### INFORMATION SUPPLIED

* * * * *

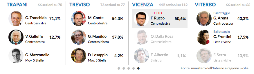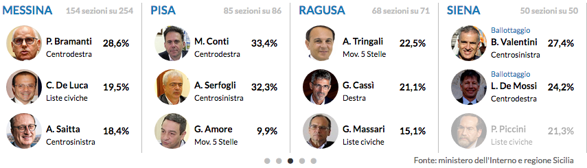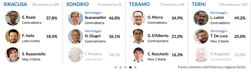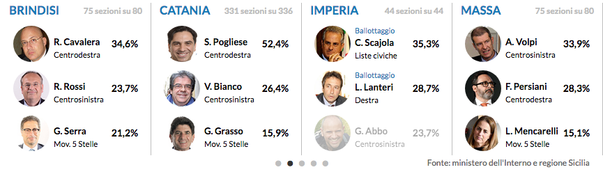 L’ex ministro di Forza Italia Claudio Scajola, che si è presentato con una coalizione di liste civiche di centrodestra, è attualmente primo nelle preferenze degli elettori di Imperia e sfiderà al ballottaggio Luca Lanteri, sostenuto da Lega e Fratelli d’Italia. Centrodestra in netto vantaggio anche a Teramo dove il candidato Giandonato Morra può vantare oltre il 36% delle preferenze, con un distacco di 15 punti su Gianguido D’Alberto, candidato del Pd. Marco Scaramellini, candidato di centrodestra alla poltrona di primo cittadino a Sondrio, ha preso più del 40% e si batterà a fine mese con Nicola Giugni del centrosinistra. A Brindisi stessa dinamica: il candidato di centrodestra Roberto Cavalera, con più del 33% delle preferenze, si scontrerà con Riccardo Rossi candidato del Pd per la poltrona di primo cittadino .
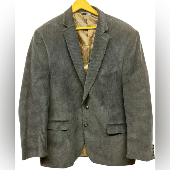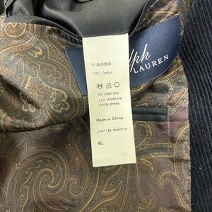 Lauren Ralph Lauren Two-Button Black Corduroy Mens Blazer Suede Elbow Patch 46L
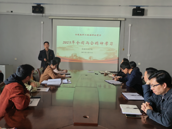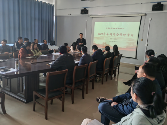 为及时传达学习2023年全国两会会议精神,3月15日下午,在厚德楼709会议室,Ky开元集团召开2023年全国两会精神学习会。会上学院党委书记杨期勇为全体教职工作2023年全国两会精神专题辅导报告,学院党政领导和全体教师参会。

* * * * *

### TASK GOAL
Return the listing verbatim, pictures excluded.

### ANSWER AREA
 L’ex ministro di Forza Italia Claudio Scajola, che si è presentato con una coalizione di liste civiche di centrodestra, è attualmente primo nelle preferenze degli elettori di Imperia e sfiderà al ballottaggio Luca Lanteri, sostenuto da Lega e Fratelli d’Italia. Centrodestra in netto vantaggio anche a Teramo dove il candidato Giandonato Morra può vantare oltre il 36% delle preferenze, con un distacco di 15 punti su Gianguido D’Alberto, candidato del Pd. Marco Scaramellini, candidato di centrodestra alla poltrona di primo cittadino a Sondrio, ha preso più del 40% e si batterà a fine mese con Nicola Giugni del centrosinistra. A Brindisi stessa dinamica: il candidato di centrodestra Roberto Cavalera, con più del 33% delle preferenze, si scontrerà con Riccardo Rossi candidato del Pd per la poltrona di primo cittadino .
 Lauren Ralph Lauren Two-Button Black Corduroy Mens Blazer Suede Elbow Patch 46L
 为及时传达学习2023年全国两会会议精神,3月15日下午,在厚德楼709会议室,Ky开元集团召开2023年全国两会精神学习会。会上学院党委书记杨期勇为全体教职工作2023年全国两会精神专题辅导报告,学院党政领导和全体教师参会。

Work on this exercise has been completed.